My vote for best title of the conference goes to Mowa Choctaw writer Cedric Sunray for his paper, “Jim Crowfeather in Indian Country,” “Jim Crowfeather” being Sunray’s term for prejudice against native groups with significant or visible black ancestry. His focus was on the federal recognition process, which he sharply argued is biased and subtly race-based. (For more on the morass of federal recognition for southern tribes, I highly recommend my friend Brian Klopotek’s book, Recognition Odysseys.) I was warmed by the opportunity to see Melinda Micco again, a Creek-Seminole historian and ethnic studies scholar whom I first met as a graduate student, and I was pleased to be reacquainted with historian Gary Zellar, author of African Creeks.
I learned two intriguing and important tidbits for my own mental file cabinet at the conference. The first was a new piece of information about Sugar George, a black-Creek interpreter of the 19th century. President of the Creek Indian Freedmen Band, Ron Graham, a descendant of Sugar George, explained that the name was bestowed upon his ancestor because of a sweet tooth! The conference also included an indigenous language session with “Maskoke” speaker Marcus Briggs-Cloud, who tried imparting some Creek words and phrases on members of the audience.

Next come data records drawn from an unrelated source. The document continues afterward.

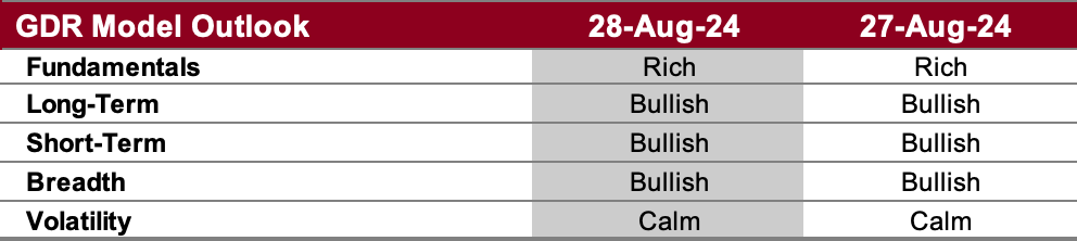 The GDR Model is mostly bullish. The market has shown meaningful strength over the last several days.
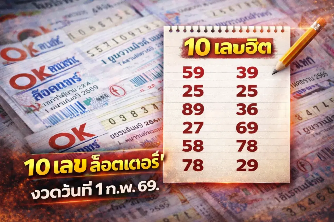 10 เลขฮิต "OK ล็อตเตอรี่" งวดวันที่ 1 กุมภาพันธ์ 69..ส่องก่อน รวยก่อน!!
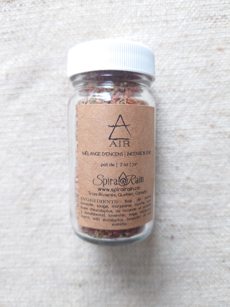 Similar, but not identical to the other air products this month, this incense blend contains sandalwood, lavender, sage, marjoram, myrrh, and eucalyptus.
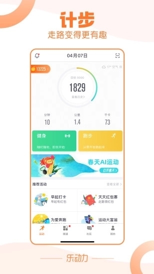 乐动力是一款专注于运动健康管理的智能应用,通过自动计步、运动记录、健身课程、健康数据追踪等功能,帮助用户科学管理日常运动与健康状态。软件以“让运动更简单、让健康看得见”为理念,结合AI算法与社交激励,打造全民适用的运动健康平台。
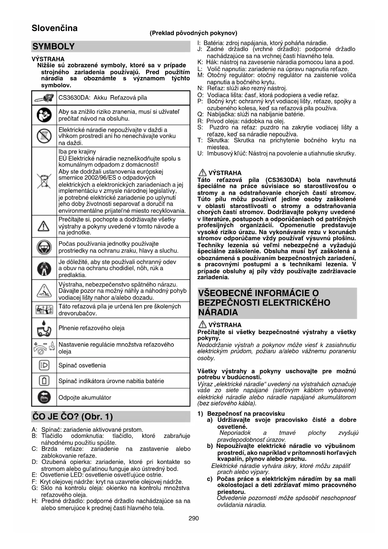 a) Udržiavajte svoje pracovisko čisté a dobre osvetlené. Neporiadok a tmavé plochy zvyšujú pravdepodobnosť úrazov. b) Nepoužívajte elektrické náradie vo výbušnom prostredí, ako napríklad v prítomnosti horľavých kvapalín, plynov alebo prachu. Elektrické náradie vytvára iskry, ktoré môžu zapáliť prach alebo výpary. c) Počas práce s elektrickým náradím by sa mali okolostojaci a deti zdržiavať mimo pracovného priestoru. Odvedenie pozornosti môže spôsobiť neschopnosť ovládania náradia. 000BookCS3630DA.indb290000BookCS3630DA.indb290 2019/07/2917:50:122019/07/2917:50:12291 Slovenčina

Briggs-Cloud had heard my presentation on Mary Ann Battis (which I was pronouncing like “Bat-hiss”) and suggested that her name may have had more of a French pronunciation like “Bat-teez.” Since Mary Ann was from the Alabama area and her African American father had traveled there from parts unknown, I think Briggs-Cloud might just be right!
I look forward to learning more at a future conference.